>>>

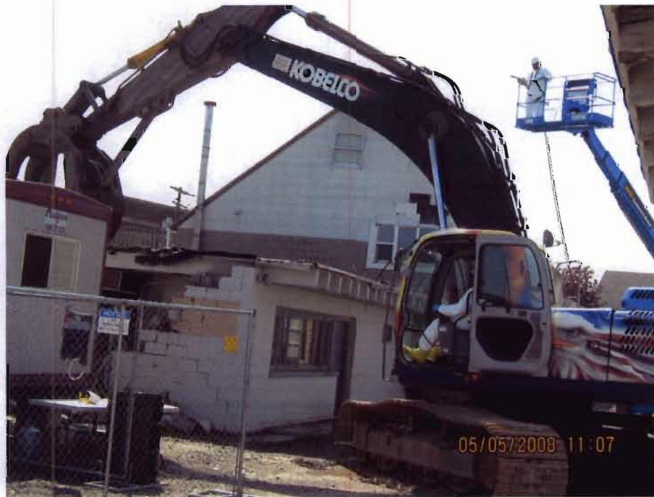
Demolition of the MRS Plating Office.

<<<
>>>

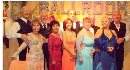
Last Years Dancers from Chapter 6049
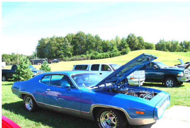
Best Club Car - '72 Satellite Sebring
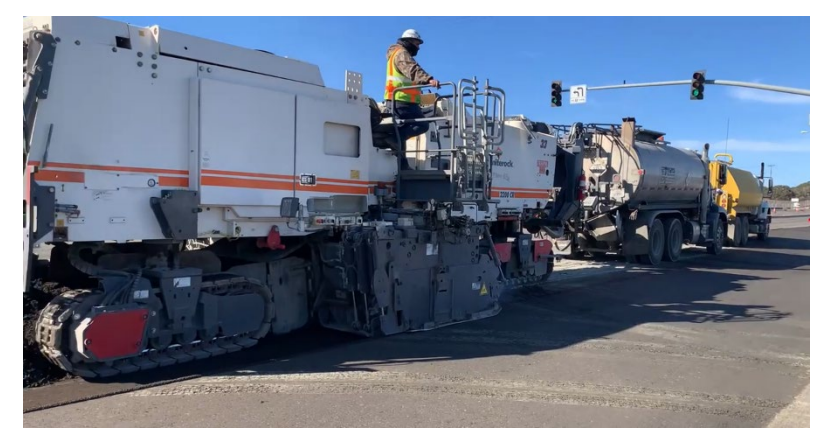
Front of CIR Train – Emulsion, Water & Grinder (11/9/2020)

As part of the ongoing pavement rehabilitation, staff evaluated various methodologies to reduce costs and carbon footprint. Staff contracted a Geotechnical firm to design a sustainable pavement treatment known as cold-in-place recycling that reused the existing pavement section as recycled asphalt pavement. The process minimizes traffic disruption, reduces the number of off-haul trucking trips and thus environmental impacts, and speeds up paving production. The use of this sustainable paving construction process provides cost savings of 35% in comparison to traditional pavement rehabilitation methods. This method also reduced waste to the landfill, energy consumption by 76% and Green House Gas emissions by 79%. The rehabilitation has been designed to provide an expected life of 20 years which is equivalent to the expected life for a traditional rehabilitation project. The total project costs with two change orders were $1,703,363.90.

<<<

--- What you have to do ---
Go back to the listing above and write out the lines starting at the one with "Best Club Car - '72 Satellite Sebring" and ending at the one with "Front of CIR", inclusive, exactly and without pictures.

--- Worked solution ---
Best Club Car - '72 Satellite Sebring
Front of CIR Train – Emulsion, Water & Grinder (11/9/2020)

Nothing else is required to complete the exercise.